Depth-First Search dives as deep as possible along each branch before backtracking. It uses a stack (LIFO) — either explicitly or via recursion's call stack — to track which node to explore next. DFS is the foundation for cycle detection, topological sorting, and many other graph algorithms.

Searching O(V+E)

How DFS Works

DFS starts at a chosen source node and explores as far as possible along each branch before backtracking. Unlike BFS, which explores level by level, DFS goes deep first.
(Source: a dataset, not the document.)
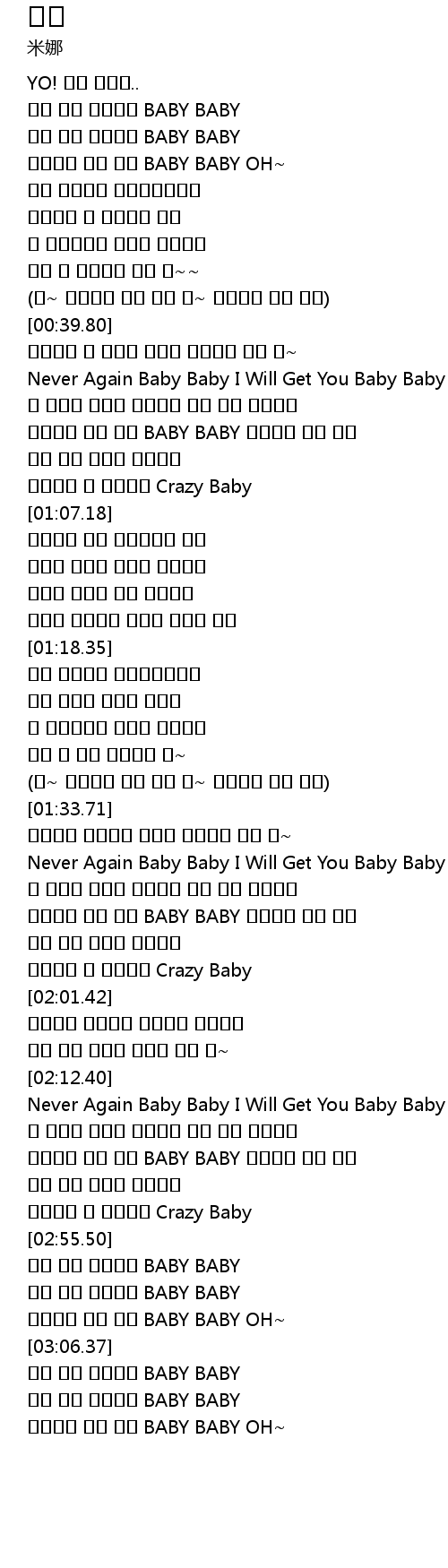 | [01:04.73] | 미치도록 널 만들거야 Crazy Baby |

The iterative algorithm proceeds as follows:

  • Push the starting node onto the stack.
  • While the stack is not empty, pop the top node.
  • If the popped node has not been visited, mark it as visited.
  • For each unvisited neighbor, push it onto the stack.
  • Repeat until the stack is empty.

The recursive version replaces the explicit stack with the call stack: for each unvisited neighbor of the current node, recursively call DFS. The base case is when a node has no unvisited neighbors.
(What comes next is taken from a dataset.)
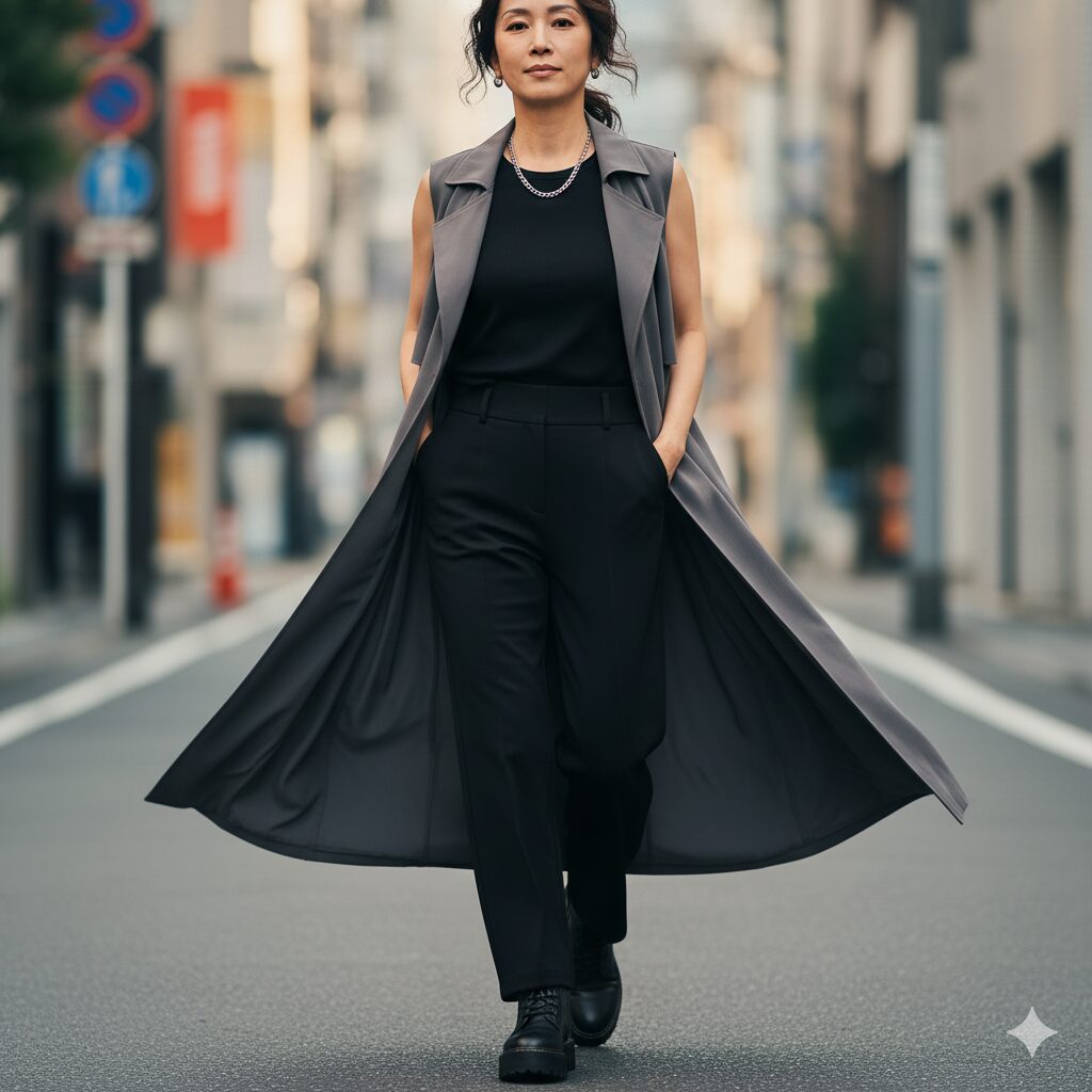 ロングカーディガンやジレを羽織るだけで、体の両サイドが削ぎ落とされ、視覚的に3kgは痩せて見えます。これは錯覚を利用した賢いテクニックです。

Key insight: Because DFS explores one entire branch before moving to the next, it is well-suited for problems that require exhaustive exploration, such as finding connected components, detecting cycles, computing strongly connected components (Tarjan's/Kosaraju's), and generating topological orderings of directed acyclic graphs (DAGs).

Interactive Visualization

Watch DFS traverse the same graph used in the BFS topic. White nodes are unvisited, yellow nodes are on the stack, and green nodes have been fully visited. The stack contents are shown vertically on the right.

Click Start to begin DFS traversal from node 0.
Speed No steps

Code Implementation

Below are both the recursive and iterative implementations of DFS. The recursive version is more concise, while the iterative version avoids stack overflow on very deep graphs.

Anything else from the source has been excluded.